You say it when you take the boys up on that bike race across the driveway, squeezing onto the leftover toddler tricycle, all knees and elbows. You do this even when the neighbors are watching. Always an example, you balance a too-small helmet on your head.
You say “I love you” when you share with the boys one of your greatest joys: film. It’s so fun to watch the three of you comb through movie trailers, plotting your next outing. At the theater you feed them some forbidden, celebratory butter-drowned popcorn and Reese’s Pieces. And the ride in your battered 2002 Honda Accord, moon roof agape, windows down — you’d think it was a Lamborghini for all the boys’ raving.

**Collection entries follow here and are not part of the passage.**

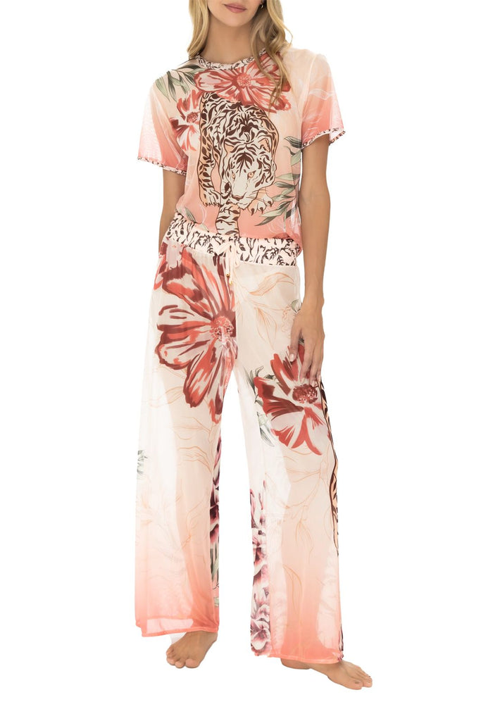 Salida de baño / Pantalón, pantalón de silueta fluida con estampado localizado y pretina elástica. Su diseño cómodo y estilizado lo convierte en una pieza clave para looks de playa o resort con una vibra fuerte y sofisticada.
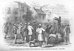 Engraving in Brownlow's Sketches, showing Confederate recruits shooting at Union supporter Charles Douglas during a Gay Street rally in April 1861
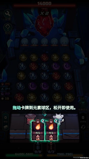 2、游戏的玩法就是卡牌+三消,玩家可以拖动卡牌到元素球区,松开使用。
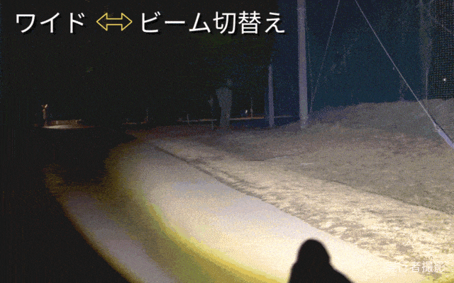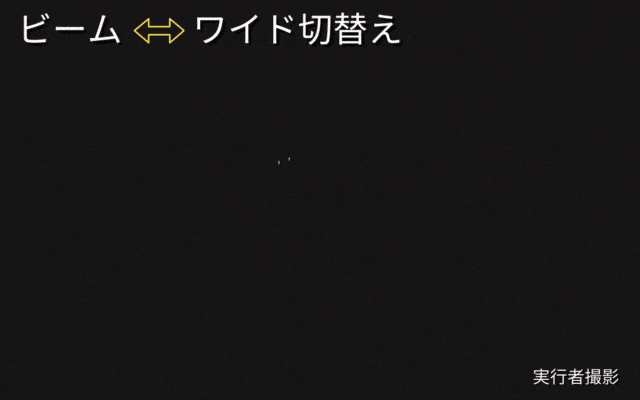 ワイドモードで近くを照らし、ビームモードで遠くを照らす。
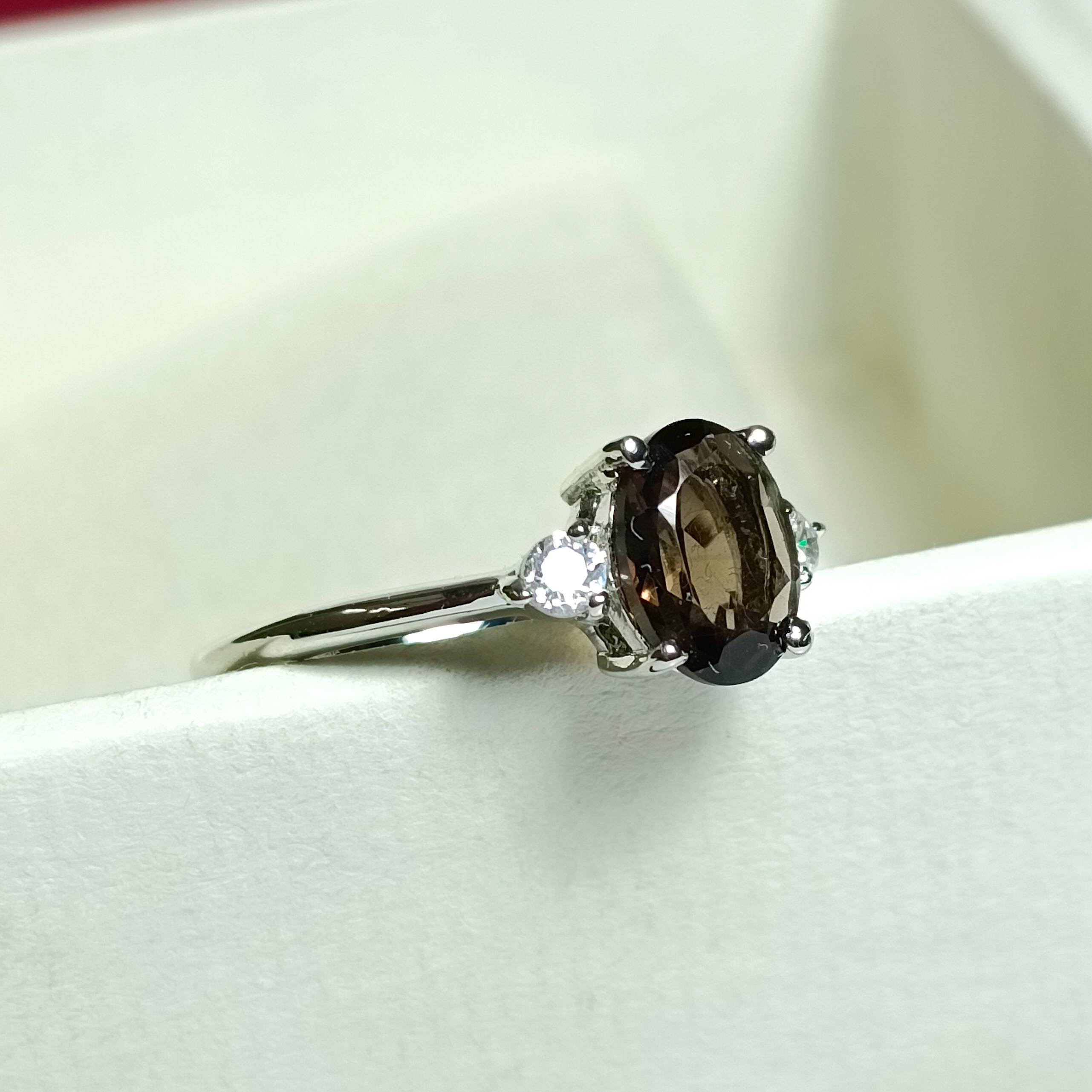 NATURAL SMOKY QUARTZ RING WITH STERLING SILVER

It’s “I love you” when you reread “Star Wars ABC” for the bajillionth time, tapping into your Lucasian expertise and spouting extra details about each character. You’ve tried so hard to introduce the kids to your favorite movies, and you ignite when their tepid interest finally turns genuine.
You say it loud when you lay out blueberry pancake ingredients and the griddle before you go to bed on Friday nights. You say it again the next morning when you invite your little helpers to pour and stir, and you pointedly leave me in bed to sleep a few extra winks. The boys beam when they bound into my bedroom ahead of you, each precariously clutching part of my breakfast-in-bed array.

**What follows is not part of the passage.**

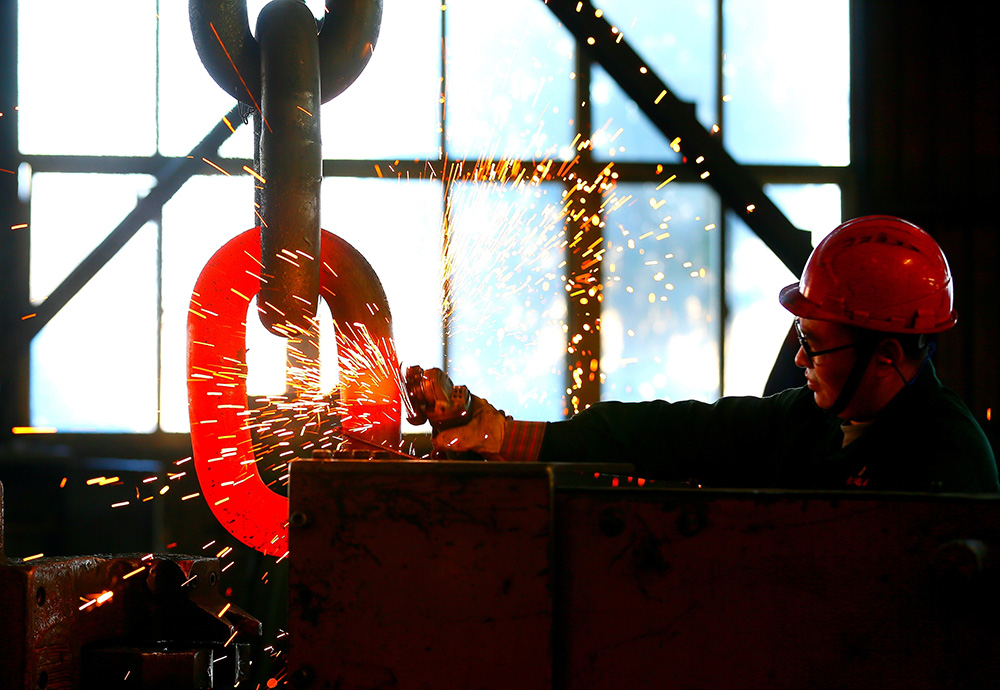 △ 2024年2月17日,青島市,即墨區靈山街道一家錨鏈企業,工人正在忙碌。
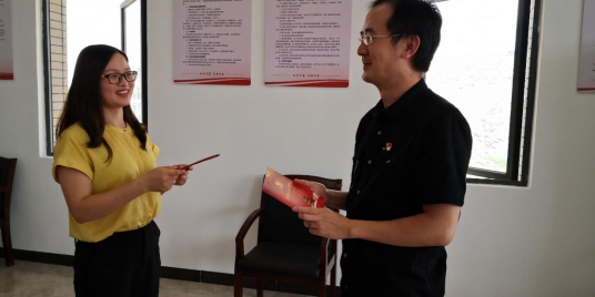 党总支副书记吴开慧同志为过政治生日的党员代表送贺卡,并送上了党组织的殷切祝福。

A lot of times, your “I love you” comes in the hours when you work the hardest, building a company so we can build a life. You sneak an “I love you” when you quit working at 5:30 p.m. to make dinner and spend a couple hours with the kids, knowing that your work is mounting and that you’ll have to hop back on the computer after their bedtime.
But even after that second shift, so to speak, you tell me you love me when you volunteer to go to the grocery store late at night. I tell you it’s OK, you don’t have to go, I’ll do it in the morning. You deflect, knowing that grocery stores plus preschoolers boils my blood, and you insist that you enjoy the escape from the house, where you work and spend almost all of your waking hours. You return with the essentials after I’m asleep, plus a treat for everyone: melon or suckers for the boys, no-bake cookies or flowers for me. We feel pampered.
Through the chaos, we might not verbalize our appreciation enough. But watch us gobble those pancakes. Watch the kids scream in delight as they race toward the Honda Accord for a ride.
Dad, we notice, and we love you for all you do.